More detail on setting values
Factor values can be complicated, but for most purposes you can follow a simple approach. Enter a value such as “liver” or “drug” (or “control group”). When you type in the value field, you will be given suggestions for words to use. Words in bold are ones that already appear in our system (and so might be good to use). Words in green are from formal ontologies (and so might also be good to use). Words that are in bold green are even more preferred. But if you don’t see the term you want, just type one in.
Once you’ve found the term you want, click ‘save’ to apply your changes.
Advanced: Things can be complicated if you want to describe your factor values using ontology terms, which we encourage you to do, but you don’t need to.
Say you want to express the idea of “asprin 1mg/kg”. Obviously there won’t be a single ontology term to match that. The idea is that rather than supplying a free text description “asprin 1mg/kg” you would break this down into two characteristics: one for the drug “asprin” and one for the dose (in principle you would want to separate the dose value from the unit, but that’s beyond the scope of this tool).
You can add additional characteristics to a factor value by using the lower half of the toolbar which says “Add characteristic to: “.
This is done exclusively through the “Sample details” tab. This tab shows a table of the samples in your study, with columns for each factor (if this doesn’t show up correctly, make sure you saved your factors and factor values, and/or refresh the page).
The basic idea is to fill in the table. This can be done one field at a time (slow, but useful for corrections) or in bulk.

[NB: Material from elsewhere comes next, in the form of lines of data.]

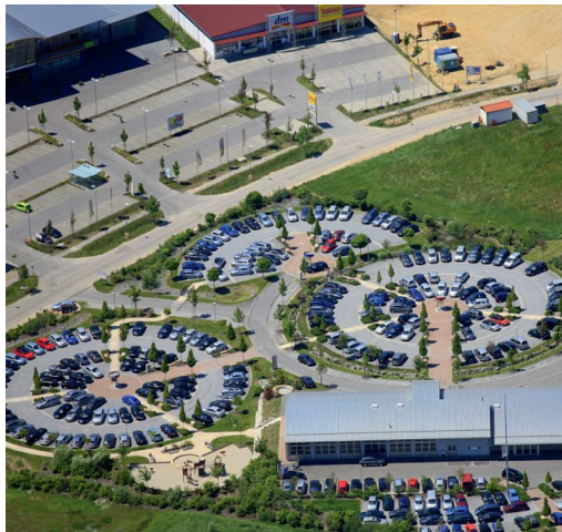
Discounterparkplatz bei Vilsbiburg

Für die Entwicklung von Wirtschaft und Infrastruktur werden immer mehr Flächen benötigt. Aber die Fläche ist begrenzt und kann nicht vermehrt werden!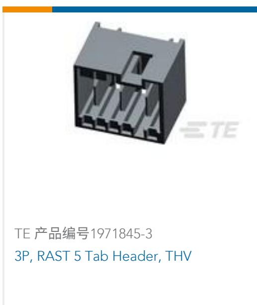
TE 产品编号1971845-3 3P, RAST 5 Tab Header, THV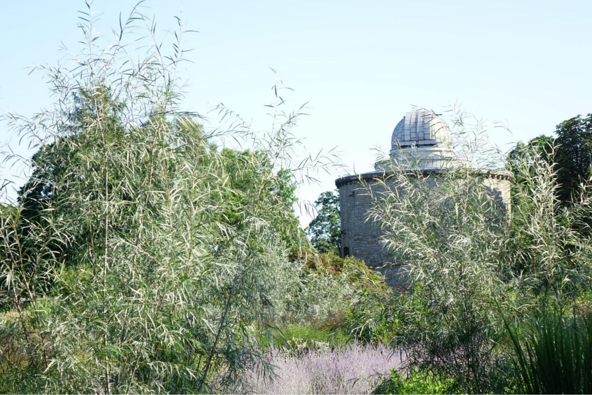
September [6] Salix exigua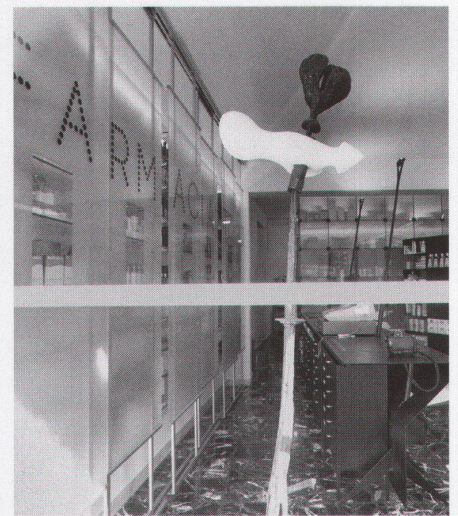
Veduta dello spazio di vendita, scultura di Paolo Selmoni Einblick Schaufenster-Offizin, Skulptur von Paolo Selmoni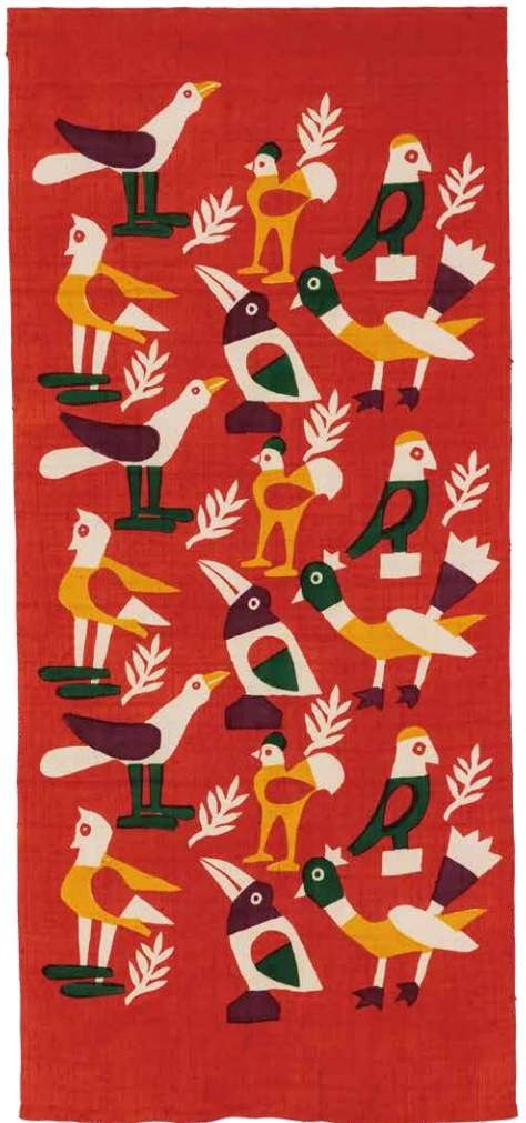
柚木沙弥郎<小鳥>1992(平成4)年 坂本善三美術館蔵

本展では、代表作と資料300点により作家の長年にわたる多彩な活動を概観するとともに、最晩年の仕事となる新作もご紹介します。また島根をはじめとする、作家とゆかりの深い国内外の各都市をテーマにした特別展示も行います。柚木沙弥郎が作り上げた豊かな色彩と模様の世界をお楽しみください。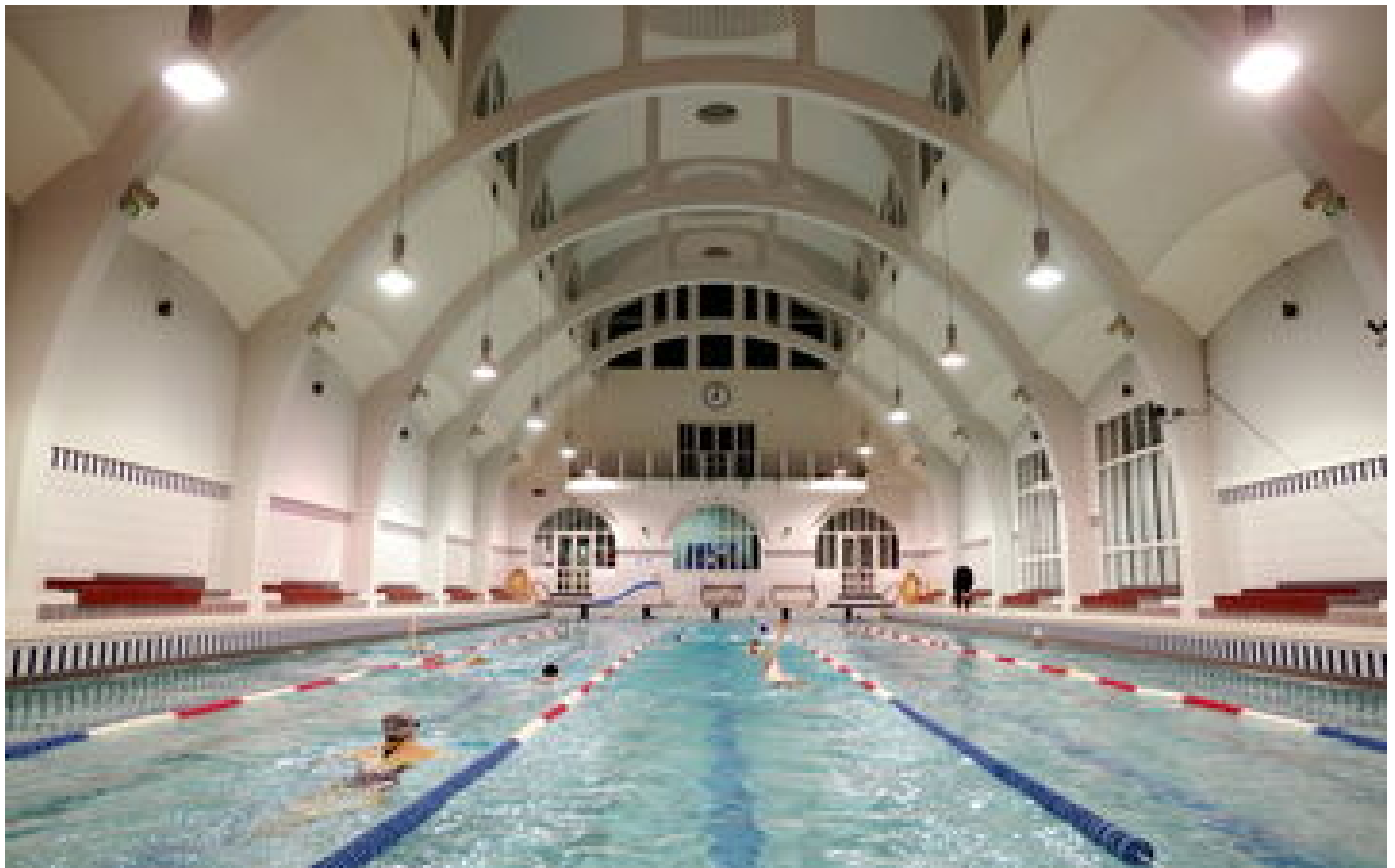
Paris : il est désormais possible d'acheter ses billets en ligne pour la piscine

Whichever method you use, you must click ‘save’ to make your changes permanent. Until this is done, changed items in the table are marked with a little red triangle. Don’t forget to click “save” before navigating away! You can also click ‘undo’ to set things back – but not after you click ‘save’.
- Select the factor and factor value you want to apply from the toolbar.
- Select the rows of the table you want to change (using click+shift or click+ctrl to select multiple rows)
- Click the “apply” button.
- Click “save” to make the changes permanent.
(Steps 1 and 2 can be done in the reverse order, it doesn’t matter.)
- What do I do if I make a mess and want to start over?
- I had two drugs I used in the experiment, should I define two factors or just one?
- How do I represent missing data?
Simply delete all the experimental factors to get a ‘clean slate’.
It depends on whether you used them independently or in combination. If you used them one at a time, use a single factor with a level for each drug (and control if you have one).
If you combined them in different ways, you might need two factors. For example, if you tried drugs A and B and you want to know if they interact in some way, you need two factors and four experimental blocks altogether: A, B, AB and control (no drug). If you consider A, B and A+B as just three different treatments, probably one factor makes sense. It depends on the intent of the experiment and how it was designed in the first place.
Just leave it blank in the Sample Details table. Don’t define a factor value like “missing” or “NA”.